SOURCE MATERIAL:
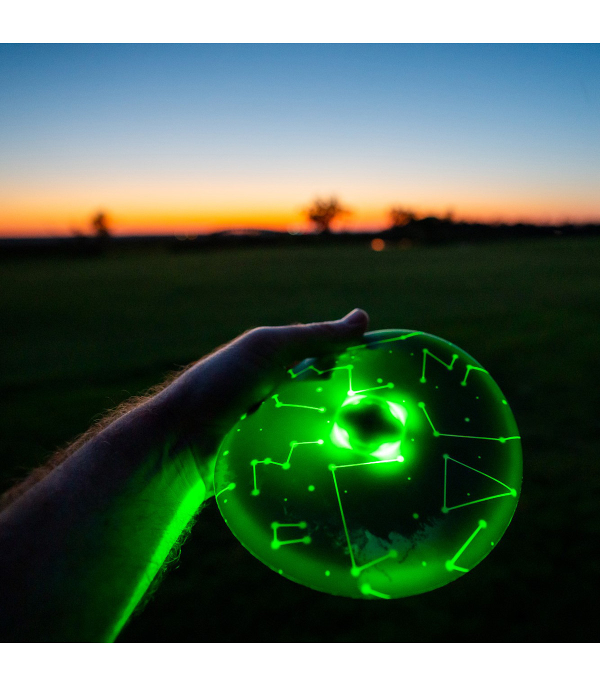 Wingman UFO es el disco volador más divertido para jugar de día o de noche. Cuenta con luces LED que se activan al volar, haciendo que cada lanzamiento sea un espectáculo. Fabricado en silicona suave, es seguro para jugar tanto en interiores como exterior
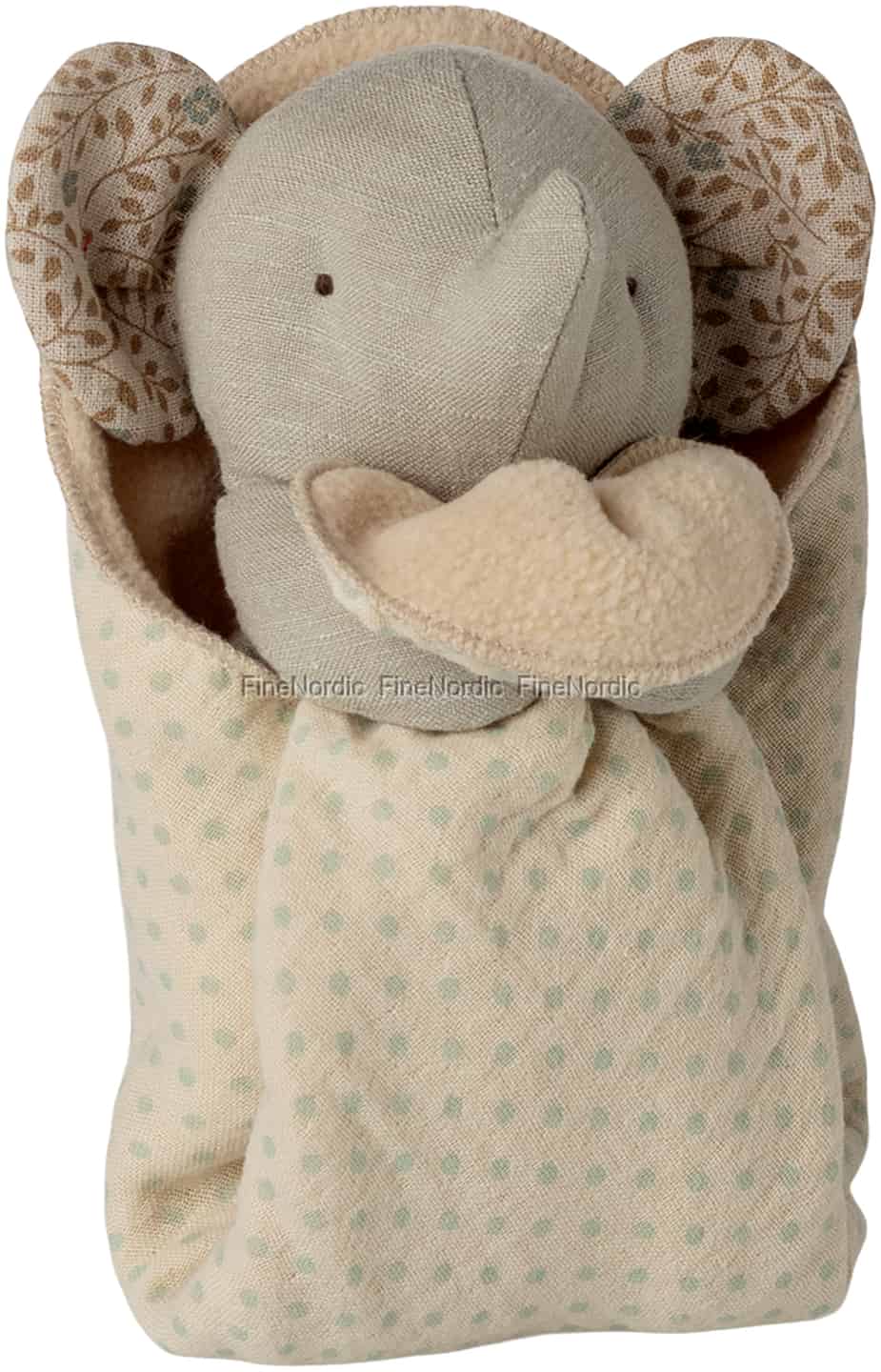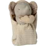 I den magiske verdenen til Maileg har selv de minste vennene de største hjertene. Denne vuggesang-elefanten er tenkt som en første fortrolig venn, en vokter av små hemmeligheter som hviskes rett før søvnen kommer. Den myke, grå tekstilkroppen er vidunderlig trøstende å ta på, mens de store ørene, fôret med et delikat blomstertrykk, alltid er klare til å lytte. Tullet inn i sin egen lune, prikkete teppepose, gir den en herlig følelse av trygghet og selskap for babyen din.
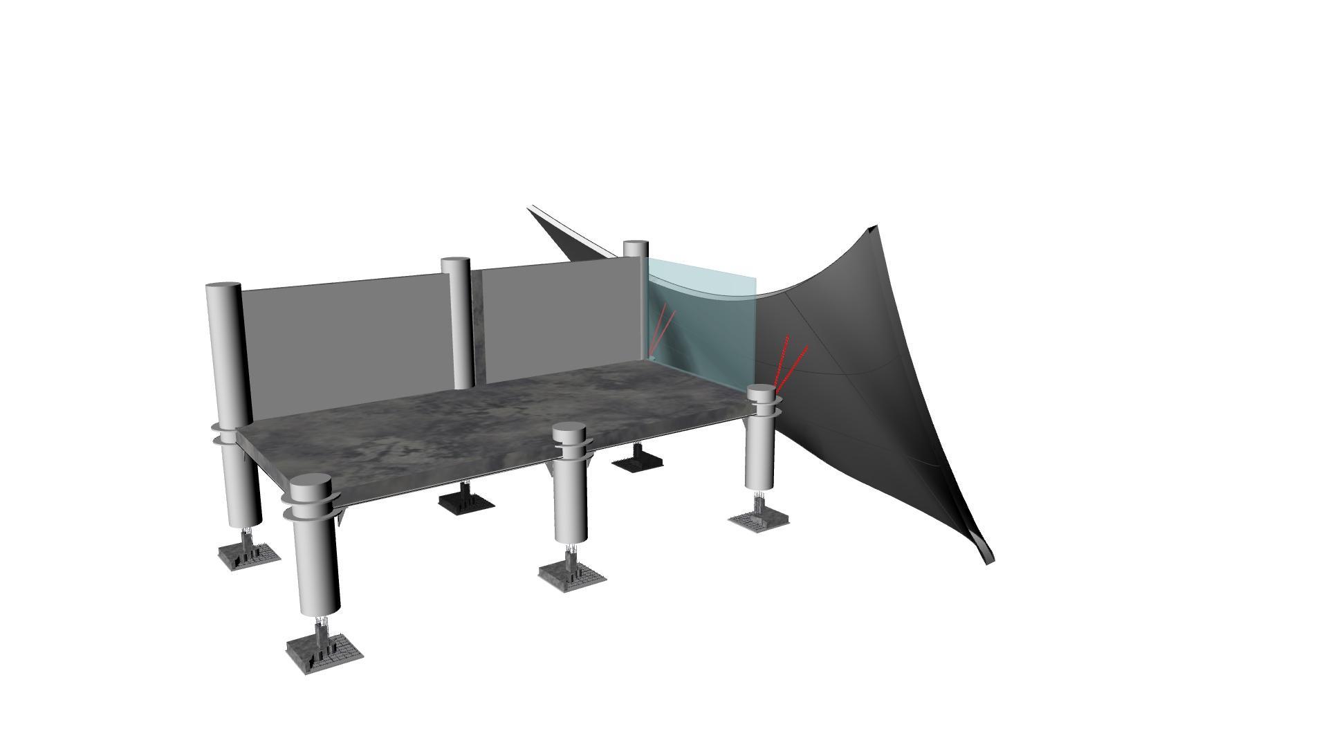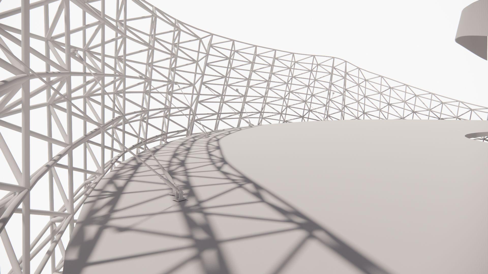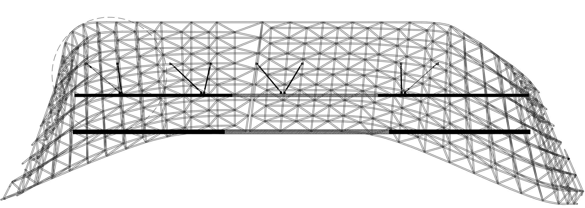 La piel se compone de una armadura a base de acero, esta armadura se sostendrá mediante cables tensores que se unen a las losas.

...

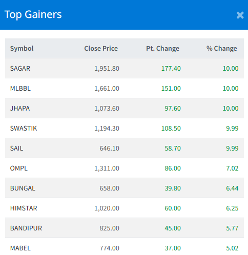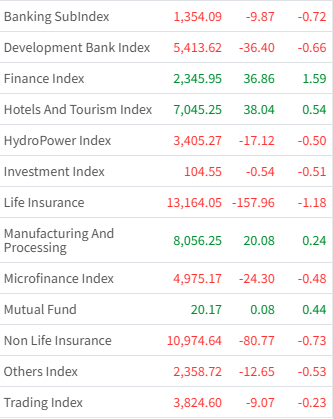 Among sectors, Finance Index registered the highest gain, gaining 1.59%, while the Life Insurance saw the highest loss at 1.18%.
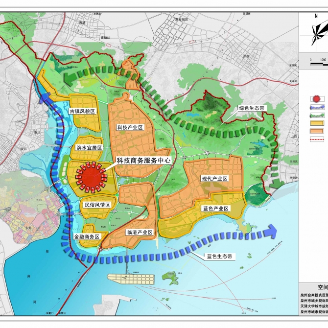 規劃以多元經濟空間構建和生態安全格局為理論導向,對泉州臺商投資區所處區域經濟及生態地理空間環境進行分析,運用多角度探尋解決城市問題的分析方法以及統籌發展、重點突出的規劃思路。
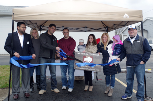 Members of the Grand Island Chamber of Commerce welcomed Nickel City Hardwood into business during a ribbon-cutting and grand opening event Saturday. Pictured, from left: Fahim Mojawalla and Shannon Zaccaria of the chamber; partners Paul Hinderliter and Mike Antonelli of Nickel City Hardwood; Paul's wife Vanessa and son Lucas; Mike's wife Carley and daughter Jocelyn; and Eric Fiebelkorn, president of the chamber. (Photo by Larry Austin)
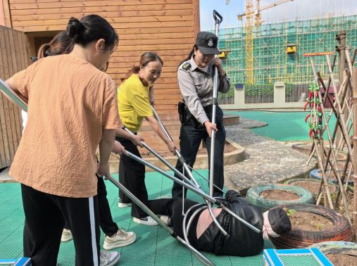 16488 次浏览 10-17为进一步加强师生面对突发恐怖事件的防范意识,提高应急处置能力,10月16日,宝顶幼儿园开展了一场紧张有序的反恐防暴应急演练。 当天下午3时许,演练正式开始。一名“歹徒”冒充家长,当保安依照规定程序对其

TASK BRIEF:
Print the part of the listing above that opens with the line containing "Among sectors, Finance" and closes with the line containing "規劃以多元經濟空間構建和生態". Copy it exactly, both ends included, and omit the pictures.

RESPONSE AREA:
 Among sectors, Finance Index registered the highest gain, gaining 1.59%, while the Life Insurance saw the highest loss at 1.18%.
 規劃以多元經濟空間構建和生態安全格局為理論導向,對泉州臺商投資區所處區域經濟及生態地理空間環境進行分析,運用多角度探尋解決城市問題的分析方法以及統籌發展、重點突出的規劃思路。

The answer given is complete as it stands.